Posted on 11/21/24 at 7:34 am to
Posted by Lsupimp
Ersatz Amerika-97.6% phony & fake
Member since Nov 2003
84096 posts
Posted on 11/21/24 at 7:34 am to
Well that’s the universal experience. Men being legitimately confused about WHY the women seem to need to have this feeling of INDIGNATION to feel alive. And how that can be devastating to the lives of men. Jordan Peterson and others have spoken about it. I won’t get into the evolutionary reasons why women behave this way but I can tell you it’s ok to opt out.

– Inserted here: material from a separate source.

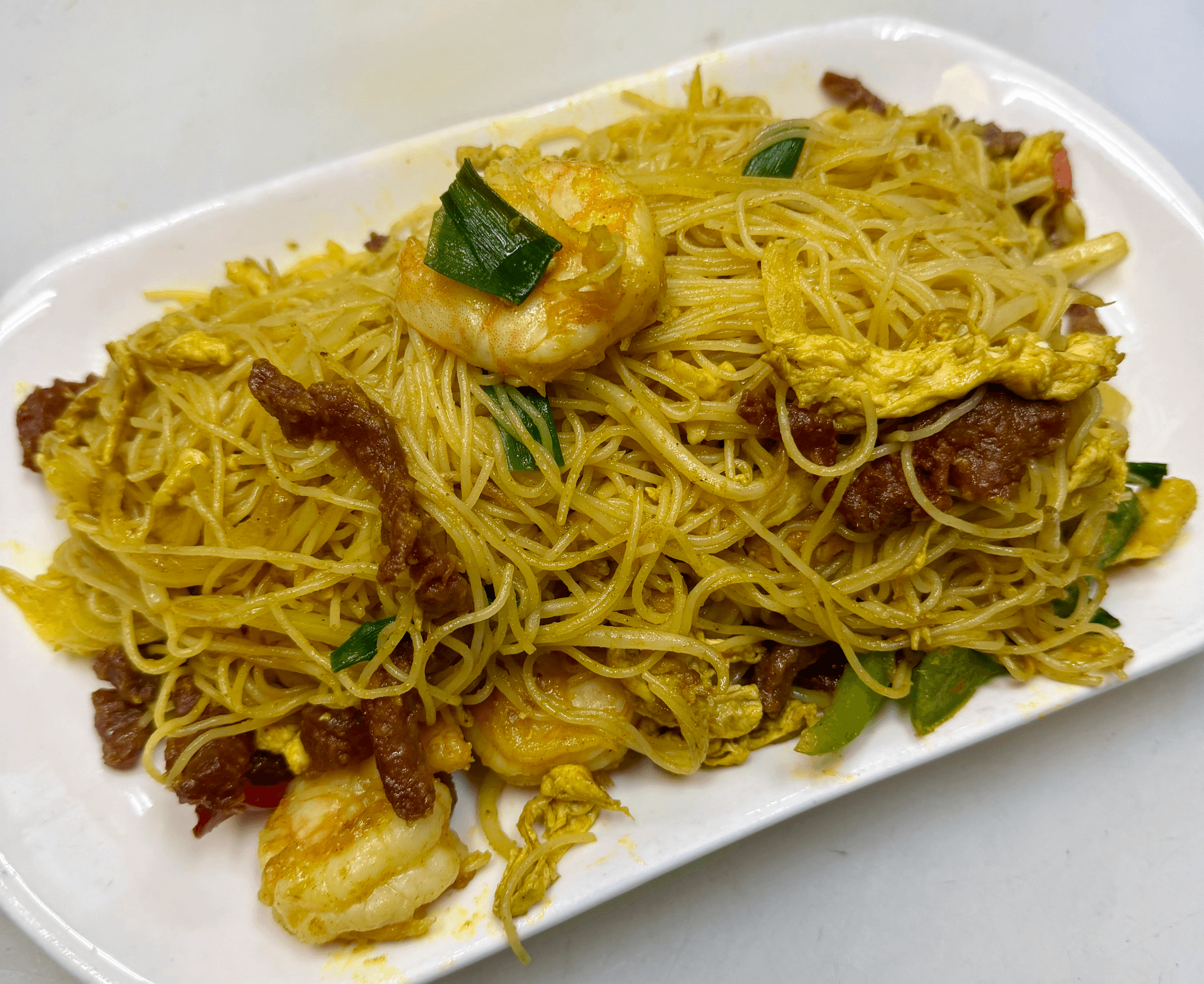 Thin rice noodle with shrimp, beef, chicken, eggs, bean sprouts green and white onions sauteed with curry sauce

I had to limit contact with my own mother for this reason to varying degrees for decades. Her chaos agent game is strong. Just recently she has shared 35 year old private medical information about me with my children that she found in a box and my kids came to me all concerned .and of course, anything that might embarrass me is readily shared.

Men want to laugh and relax and enjoy the day but carry that feeling of dread about what that particular woman will say or do to wreck the day. It’s a form of abuse.
Posted by chryso
Baton Rouge
Member since Jul 2008
13055 posts
Posted on 11/21/24 at 7:42 am to
quote:

My sister’s plan of attack has always been through food and her ever changing list of things she can’t or won’t eat.

It creates an oversized number of issues anytime the family gets together.


That's an easy fix. You ignore it and let her bring what she "needs" to eat.
Posted by Sus-Scrofa
Member since Feb 2013
9715 posts
Posted on 11/21/24 at 7:44 am to
quote:

That's an easy fix. You ignore it and let her bring what she "needs" to eat.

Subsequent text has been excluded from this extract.